In the field of surface morphology, scholars have conducted extensive research. By developing a set of experimental devices for rock microfriction slip, Barton et al. [16] has established a mechanical model of rock microfriction properties based on the existing model from a microscopic point of view. Through integrated theoretical analysis and experimental investigations, Wang et al. [17] systematically characterized the shear behavior of rock discontinuities, culminating in the development of the JRC-JCS empirical model. Xia [18] studied the separation method of waviness and roughness of rock surfaces.

In terms of sliding friction surface liquid properties, Zhu et al. [19] and Zheng [20] established the coupled model of seepage damage in fractured rock mass, Zhao [21] developed the multi-field coupling theory of seepage damage fracture, which laid a mechanical foundation for understanding the evolution of friction behavior under fluid pressure. In terms of experimental research, Qi et al. [22] systematically revealed the chemical mechanismof the regulation of drag reducer components on rock friction, and Horn et al. [23] studied the frictional properties of various rock components in different fluid environments. Moore et al. [24] further investigated the variation characteristics of sliding friction of various silicate minerals under different water content on this basis. Liu et al. [25] analyzed the mechanical and frictional properties of shale under soaking conditions, and their experimental results showed that the shale friction coefficient decreased with increasing soaking time, and the shale friction coefficient decreased significantly within 6 h of soaking and then tended to be stable. Zhang et al. [26] and Xiao et al. [27] studied the friction characteristics of shale in contact with dry quartz sand and alumina respectively. Current research on shale micro-sliding frictional behavior remains limited, particularly regarding the influence of particulate-laden media (e.g., quartz particles) at fracture interfaces. Existing studies predominantly focus on quartz-dominated systems, leaving critical gaps in understanding multiphase particle effects, interfacial chemo-mechanical coupling, and scale-dependent friction mechanisms under realistic reservoir conditions.
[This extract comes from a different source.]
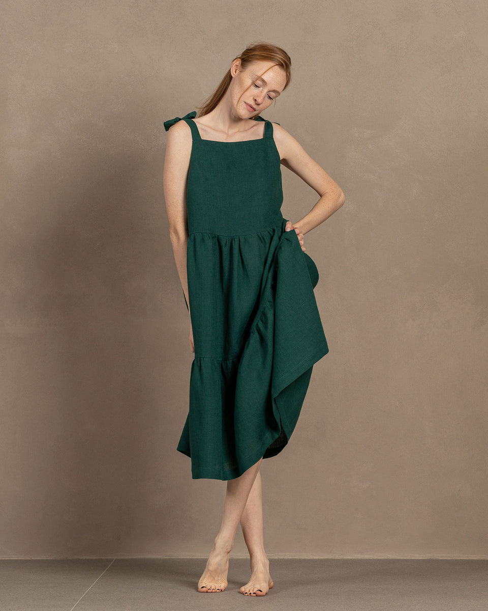 Sleeveless pinafore dress designed with adjustable straps for a personalized fit. Our 100% Linen dress features a square neck, loose-fitting silhouette, drop waist style, and midi length, and subtle chest darts that enhance shaping around the bust area. Uma offers a relaxed yet dreamy look.

This paper will combine the above research results, through sliding friction tests on shale specimens, investigates the micro-sliding friction behavior of shale in fracturing fluid systems containing graphite additives, with focused examination of LGF-80 oil displacement can be the recovery of the fracturing fluid system in different conditions (base environment, drag reduction agent proportion, and graphite material type) under the micro sliding friction characteristics and change the law of shale to the complex medium environment for the future study, especially under the condition of different types of particles shale micro sliding friction feature provides new thought.
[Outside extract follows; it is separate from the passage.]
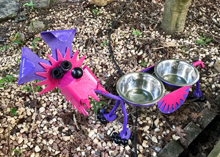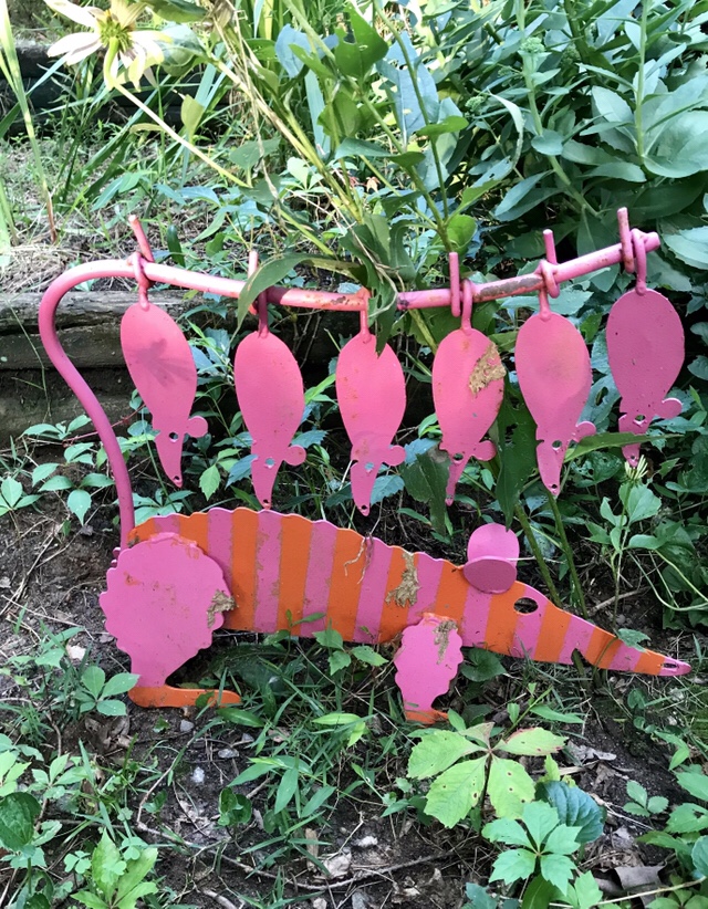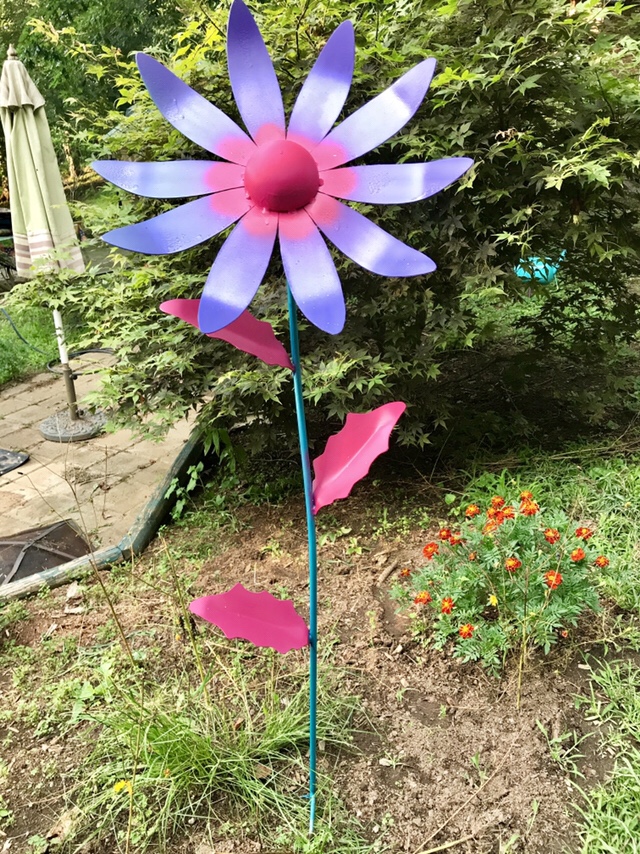 The past few weeks I’ve been readying for the self guided tour by cleaning and setting up the mini gallery and the basement showroom. I’ve also purchased some new metal YARD ART and added my own touch by spraying canned paint on them and refreshing some of my older ones plus I painted the metal bench wild colors. Here are just a few as I’ve been collecting for at least 20 maybe closer to 25 years now ❤️

2  The Friction Experiment

2.1 Experimental Materials and Setup

The experimental material is mainly composed of shale friction samples with mineral components and formulations of fluid with three types of graphite materials (60–80 mesh graphite ball, 80–100 mesh graphite ball, and 100 mesh graphite sheet).

This experimental study used an X-ray polycrystalline diffractometer to identify and analyze common phases. X-rays have specific diffraction directions and intensities for powder solids with different conformations and crystal forms, known as characteristic diffraction spectra, which can effectively determine the phases present in the material. Crush the shale sample with a hammer and collect the powder for X-ray Diffraction (XRD) testing. Compare the X-ray diffraction pattern (position, number, and relative peak intensity) of the shale sample with the standard diffraction pattern of the known phase in the card library to qualitatively analyze the phase composition of the shale sample, as shown in Fig. 1.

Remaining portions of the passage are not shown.